▶ WHAT YOU WILL DO: This exercise calls for retyping every line below exactly, with the images omitted.

▶ GIVEN INFORMATION:
++++++++++++++++++++

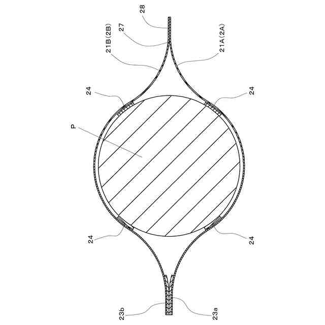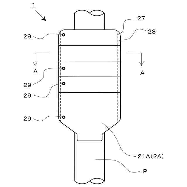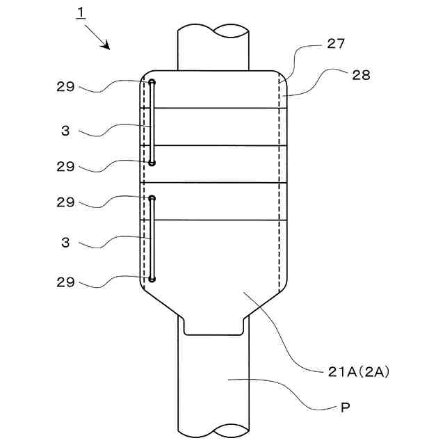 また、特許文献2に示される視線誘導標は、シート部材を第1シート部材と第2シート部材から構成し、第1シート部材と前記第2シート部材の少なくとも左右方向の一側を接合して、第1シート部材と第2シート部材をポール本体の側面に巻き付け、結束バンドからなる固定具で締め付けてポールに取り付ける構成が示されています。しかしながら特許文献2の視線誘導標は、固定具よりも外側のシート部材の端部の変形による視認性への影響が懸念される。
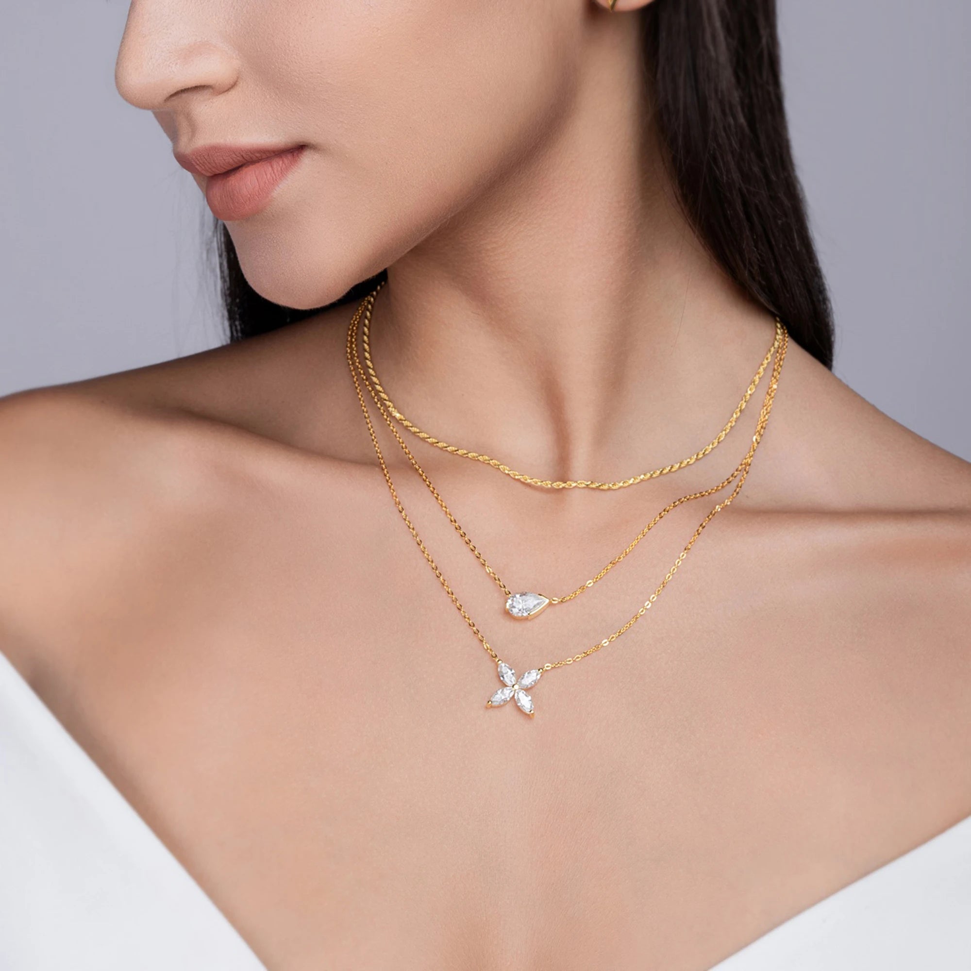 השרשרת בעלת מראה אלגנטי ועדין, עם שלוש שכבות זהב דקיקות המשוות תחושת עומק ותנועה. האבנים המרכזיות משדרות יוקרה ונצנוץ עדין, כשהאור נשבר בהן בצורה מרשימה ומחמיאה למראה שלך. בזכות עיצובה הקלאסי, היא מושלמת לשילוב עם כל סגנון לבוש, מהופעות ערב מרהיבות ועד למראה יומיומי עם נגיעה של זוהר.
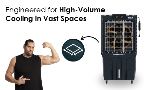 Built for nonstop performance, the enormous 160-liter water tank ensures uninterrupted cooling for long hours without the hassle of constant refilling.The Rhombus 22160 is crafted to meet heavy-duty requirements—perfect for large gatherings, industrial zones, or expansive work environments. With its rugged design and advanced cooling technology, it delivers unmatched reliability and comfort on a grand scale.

++++++++++++++++++++

▶ EXERCISE RESPONSE:
 また、特許文献2に示される視線誘導標は、シート部材を第1シート部材と第2シート部材から構成し、第1シート部材と前記第2シート部材の少なくとも左右方向の一側を接合して、第1シート部材と第2シート部材をポール本体の側面に巻き付け、結束バンドからなる固定具で締め付けてポールに取り付ける構成が示されています。しかしながら特許文献2の視線誘導標は、固定具よりも外側のシート部材の端部の変形による視認性への影響が懸念される。
 השרשרת בעלת מראה אלגנטי ועדין, עם שלוש שכבות זהב דקיקות המשוות תחושת עומק ותנועה. האבנים המרכזיות משדרות יוקרה ונצנוץ עדין, כשהאור נשבר בהן בצורה מרשימה ומחמיאה למראה שלך. בזכות עיצובה הקלאסי, היא מושלמת לשילוב עם כל סגנון לבוש, מהופעות ערב מרהיבות ועד למראה יומיומי עם נגיעה של זוהר.
 Built for nonstop performance, the enormous 160-liter water tank ensures uninterrupted cooling for long hours without the hassle of constant refilling.The Rhombus 22160 is crafted to meet heavy-duty requirements—perfect for large gatherings, industrial zones, or expansive work environments. With its rugged design and advanced cooling technology, it delivers unmatched reliability and comfort on a grand scale.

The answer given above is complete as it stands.